Magnolia tamaulipana A. Vázquez

A close relative of the familiar Magnolia grandiflora, this north east Mexican rarity is quietly becoming established in North American and European gardens, but is unlikely to challenge the Southern Magnolia’s status as a garden classic.

The approximately 27 species of Section Magnolia are spread across Mexico, Central America and the southern United States; many new species have been described over recent decades. They seem to be the result of allopatric speciation from a widespread common ancestor (Vázquez-Garcia 1994). M. tamaulipana is probably the closest living relative of M. grandiflora, but differs from it in several technical ways, as well as looking quite different: it has fewer carpels (38–73 vs. 75–90) and stamens (140–145 vs. >250) per flower, the outer tepals are shorter (6.5–9.5 cm vs. 10.5–14.5 cm), and the lower surface of the leaf is covered in minute hairs, rather than the dense, reddish silky hairs so distinctive in M. grandiflora. In horticultural terms M. tamaulipana has the advantage of bronzed or coppery new leaves in some clones, but the growth is usually a bit gawky, not forming a solid mass of foliage. The related M. schiedeana is a smaller tree with a rather more southerly range in Querétaro, Hidalgo, Veracruz, Guerrero and Oaxaca; it has glabrous branchlets, smaller flowers and fewer floral parts. M. tamaulipana has in the past been collected under this name, and M. schiedeana itself is probably not grown in our area (a 1984 seed introduction by James Russell to Britain from Veracruz (Clarke 1988) seems to have come to nothing).

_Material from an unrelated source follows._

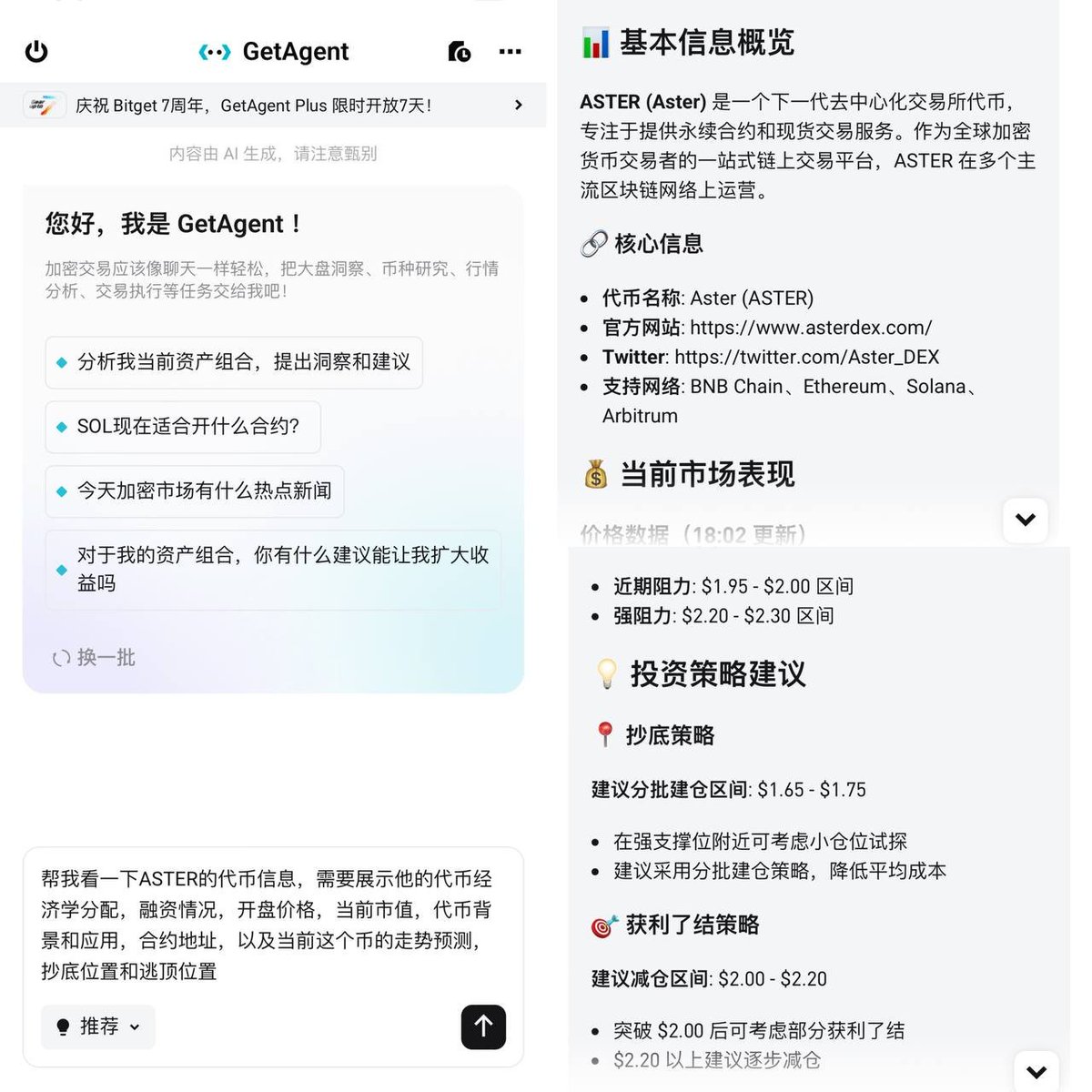 【帮我看一下ASTER的代币信息,需要展示他的代币经济学分配,融资情况,开盘价格,当前市值,代币背景和应用,合约地址,以及当前这个币的走势预测,抄底位置和逃顶位置】
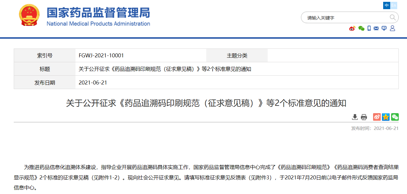 關于公開征求《藥品追溯碼印刷規范(征求意見稿)》等2個標準意見的通知

Described scientifically as late as 1994, M. tamaulipana is known from just 5 locations. The reasons for its great rarity and ongoing decline are unknown, but probably include deforestation and perhaps climate change (IUCN 2021).

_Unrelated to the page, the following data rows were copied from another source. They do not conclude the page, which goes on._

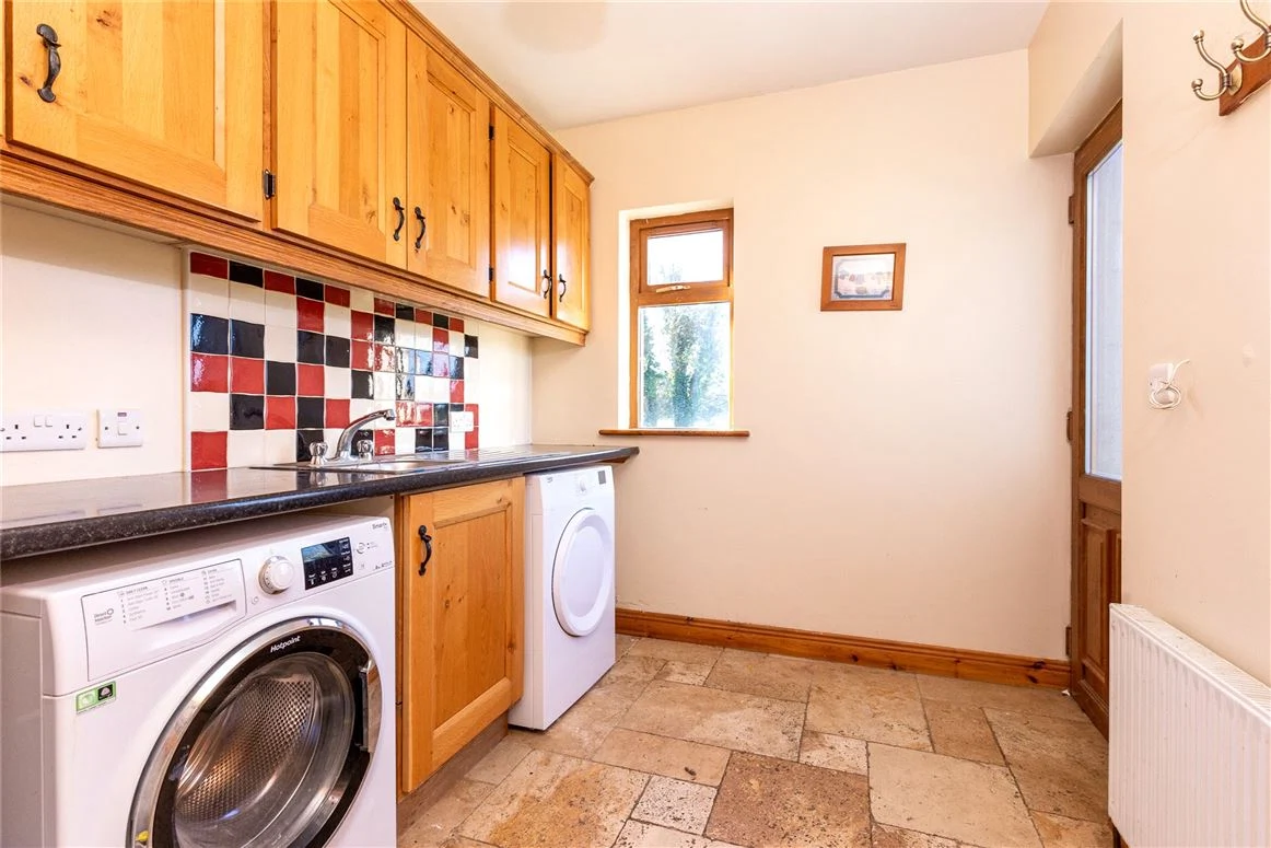 Also on the ground floor, there is a well-sized utility room with units for storage, a sink, and space for a washing machine and tumble dryer. One of the bedrooms is on the ground floor, which the current owners use as a home office.
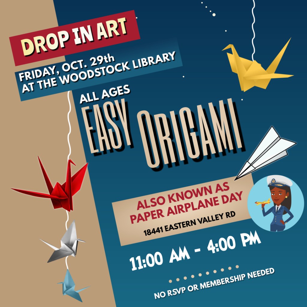 Drop In Art is happening Friday, October 29th from 11:00 AM to 4:00 PM at the Woodstock Community Library!
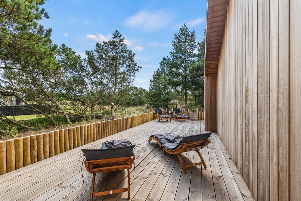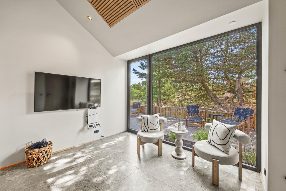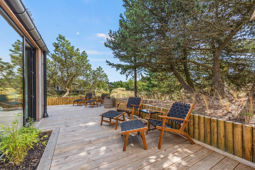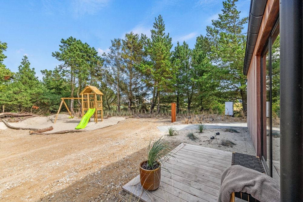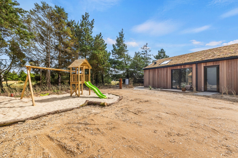 På Søren Gades Mark 16 er der i 2024 færdigbygget et nyt luksushus, der indeholder alt, hvad I kan ønske jer til en uforglemmelig ferie ved Blåvand. Ikke nok med, at I kan slappe af foran pejsen eller tage et spil billard, der er også en 19 m2 swimmingpool med svømmetræner og en udendørs 5-personers spa og sauna.
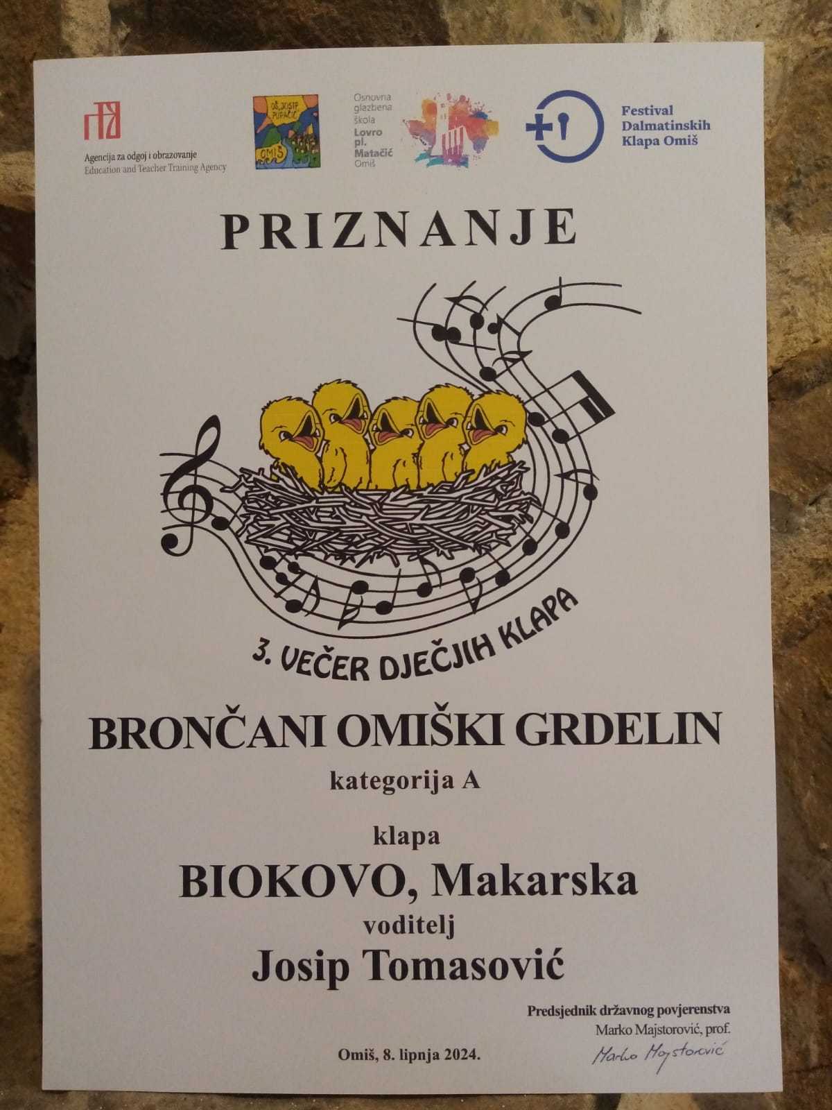 Upravo spojem ljubavi i obrazovanja, 2022., pri Osnovnoj školi „Stjepana Ivičevića“ u Makarskoj, osnovana je dječja klapa 'Biokovo' koja broji 14 članova. Luka Erceg, Mirta Bušelić, Linda Kovačević, Vedrana Nemčić, Lucija Čović, Anamaria Kusić, Lara Musulin, Karlo Čip, Karlo Vlaho, Frane Varenina, Lucija Mihnjak, Tonći Jakir, Ana Šapit i Ana Koprivnić pod vodstvom nastavnika Josipa Tomasovića pobiru ovacije i nagrade gdje god se pojave.

The flowers are large and sweetly scented, but narrower in outline than those of M. grandiflora, with the tepals being a dirtier white, pinkish brown on their exterior surfaces. They open in the morning and close at night, being male-fertile in the first day and female-fertile during the second: every species of Section Magnolia so far investigated, except M. virginiana, follows this same diurnal pattern (R. Figlar pers. comm. 2022). In a Tamaulipas population, Dieringer et al. (1999) found a remarkably specific pollination system. The major pollinators were a very few species of scarab and staphylinid beetle, the floral reward for scarabs being carbohydrate-rich, low-fibre tepals, while staphylinids fed on pollen. The flowers generated heat which presumably increases scent dissipation; large flowers became warmest (hence a potential selective pressure on flower size), while temperature declined over time. Scarabs were preferentially attracted by the warmest temperatures, during the female phase of the flower.

It has proved to be remarkably hardy in our North American area, flourishing on the East Coast at least as far north as North Carolina, and on the West Coast as far north as Seattle, surviving brief spells at around –12°C (–18°C in ‘Bronze Sentinel’). This surprising tolerance to cold is explained by the fact that weather fronts carrying cold air from Canada sometimes reach central Mexico, to the extent that many species there are well adapted to cold (Hogan 2008). The other side of the coin, however, is that M. tamaulipana does appreciate a hot summer to flourish. The oldest known cultivated specimen is at Washington Park Arboretum, Seattle, from Meyer & Rogers 2793 of 1948. The tree has flowered there since 1971, and was nearly 9 m tall by 2008 (Hogan 2008). Of several more recent collections, the one giving rise to ‘Bronze Sentinel’ (see below) is the most horticulturally significant.

The species has had a small commercial distribution in Europe. A specimen at Caerhays Castle, Cornwall first flowered in 2019 (Caerhays Estate 2020).